The contra-positive of "All LLMs are not thinking like humans" is "No humans are thinking like LLMs"

And I do not believe we actually understand human thinking well enough to make that assertion.

Indeed, it is my deep suspicion that we will eventually achieve AGI not by totally abandoning today's LLMs for some other paradigm, but rather embedding them in a loop with the right persistence mechanisms.

  • Given that LLMs are incapable of synthetic a priori knowledge and humans are, I would say that as the tech stands currently, it's reasonable to make both of those statements.

  • The loop, or more precisely the "search" does the novel part in thinking, the brain is just optimizing this process. Evolution could manage with the simplest model - copying with occasional errors, and in one run it made everyone of us. The moral - if you scale search the model can be dumb.

    • Let’s not underestimate the scale of the search which led to us though, even though you may be right in principle. In addition to deep time on earth, we may well be just part of a tiny fraction of a universe-wide and mostly fruitless search.

For me, the problem is in the "chat" mechanic that OpenAI and others use to present the product. It lends itself to strong antropomorphizing.

If instead of a chat interface we simply had a "complete the phrase" interface, people would understand the tool better for what it is.

  • But people aren't using ChatGPT for completing phrases. They're using it to get their tasks done, or get their questions answered.

    The fact that pretraining of ChatGPT is done with a "completing the phrase" task has no bearing on how people actually end up using it.

    • It's not just the pretraining, it's the entire scaffolding between the user and the LLM itself that contributes to the illusion. How many people would continue assuming that these chatbots were conscious or intelligent if they had to build their own context manager, memory manager, system prompt, personality prompt, and interface?

  • I agree 100%. Most people haven't actually interacted directly with an LLM before. Most people's experience with LLMs is ChatGPT, Claude, Grok, or any of the other tools that automatically handle context, memory, personality, temperature, and are deliberately engineered to have the tool communicate like a human. There is a ton of very deterministic programming that happens between you and the LLM itself to create this experience, and much of the time when people are talking about the ineffable intelligence of chatbots, it's because of the illusion created by this scaffolding.

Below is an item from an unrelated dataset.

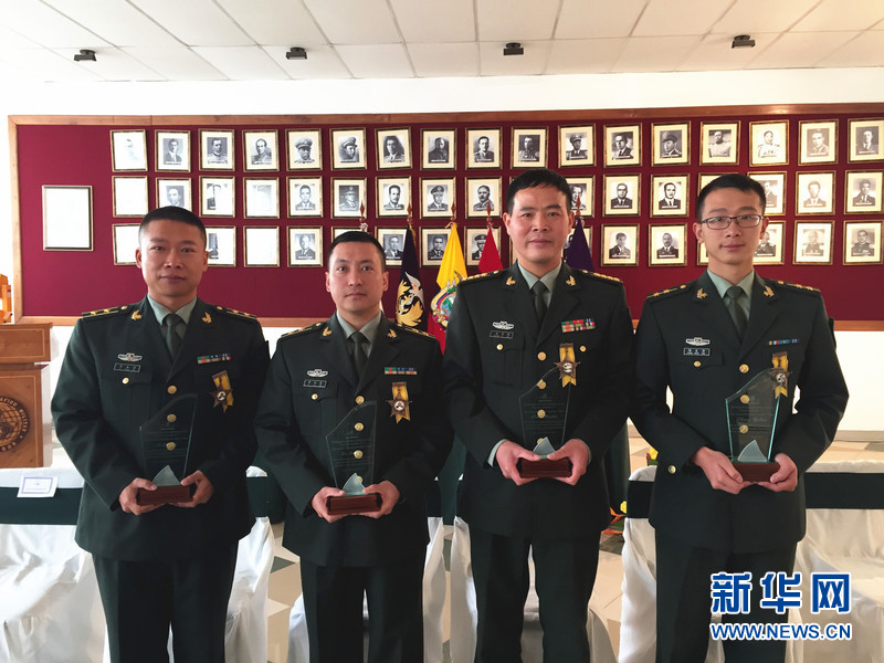 ????新華網(wǎng)基多4月21日電(記者梁君茜)厄瓜多爾聯(lián)合指揮司令部21日在首都基多舉行授勛儀式,授予中國(guó)人民解放軍第八批援厄醫(yī)療隊(duì)的4名成員“武裝力量之星”榮譽(yù)勛章。

Yea bag of words isn’t helpful at all. I really do think that “superpowered sentence completion” is the best description. Not only is it reasonably accurate it is understandable, everyone has seen autocomplete function, and it’s useful. I don’t know how to “use” a bag of words. I do know how to use sentence completion. It also helps explains why context matters.

  • Sentence completion does not give it justice, when I can ask a LLM to refactor my repo and come back half an hour later to see the deed done.

    • Thats the thing, when you use an Ask/answer mechanism, you are just writing a "novel" where User: asks and personal coding assistant: answers. But all the text goes into the autocomplete function and the "toaster" outputs the most probable text according to the function.

      Its useful, it's amazing, but as the original text says, thinking of it as "some intelligence with reasoning " makes us use the wrong mental models for it.

  • I've been recently using a similar description, referring to "AI" (LLMs) as "glorified autocomplete" or "luxury autocomplete".

Bag of words is actually the perfect metaphor. The data structure is a bag. The output is a word. The selection strategy is opaquely undefined.

> Gen AI tricks laypeople into treating its token inferences as "thinking" because it is trained to replicate the semiotic appearance of doing so. A "bag of words" doesn't sufficiently explain this behavior.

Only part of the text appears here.